WHAT THE EXERCISE ASKS: Transcribe the data that follows in full. Leave out the pictures.

DATA EXTRACT:
--- START ---
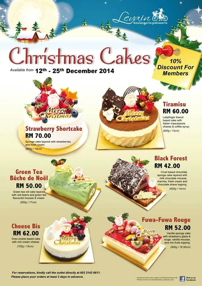 On the 12th day of Christmas, the bakery café will begin celebrating the festive season with its Christmas-themed cakes. The cakes are reasonably priced between RM42 to RM70. As shown in the poster, the cakes are available until the actual day of Christmas only.
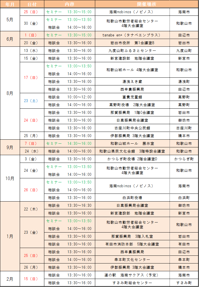 和歌山県空家等対策推進協議会R7相談会&セミナー開催予定
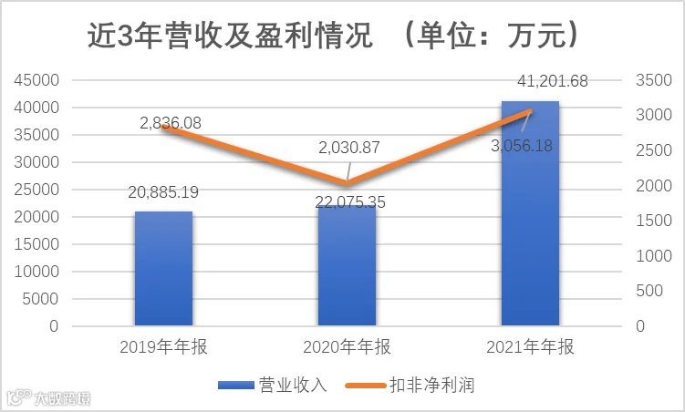 年报披露,公司2021年营收4.12亿元,较上年大幅增长86.64%。近三年,营收从2019年2.1亿增长至2021年4.12亿,三年几乎实现营收翻番。扣非净利润方面,公司近三年同步实现快速增长,2021年度扣非净利润为3056万,增速为50.49%。公司盈利能力不断增强。
--- END ---
THE COMPLETED TASK:
 On the 12th day of Christmas, the bakery café will begin celebrating the festive season with its Christmas-themed cakes. The cakes are reasonably priced between RM42 to RM70. As shown in the poster, the cakes are available until the actual day of Christmas only.
 和歌山県空家等対策推進協議会R7相談会&セミナー開催予定
 年报披露,公司2021年营收4.12亿元,较上年大幅增长86.64%。近三年,营收从2019年2.1亿增长至2021年4.12亿,三年几乎实现营收翻番。扣非净利润方面,公司近三年同步实现快速增长,2021年度扣非净利润为3056万,增速为50.49%。公司盈利能力不断增强。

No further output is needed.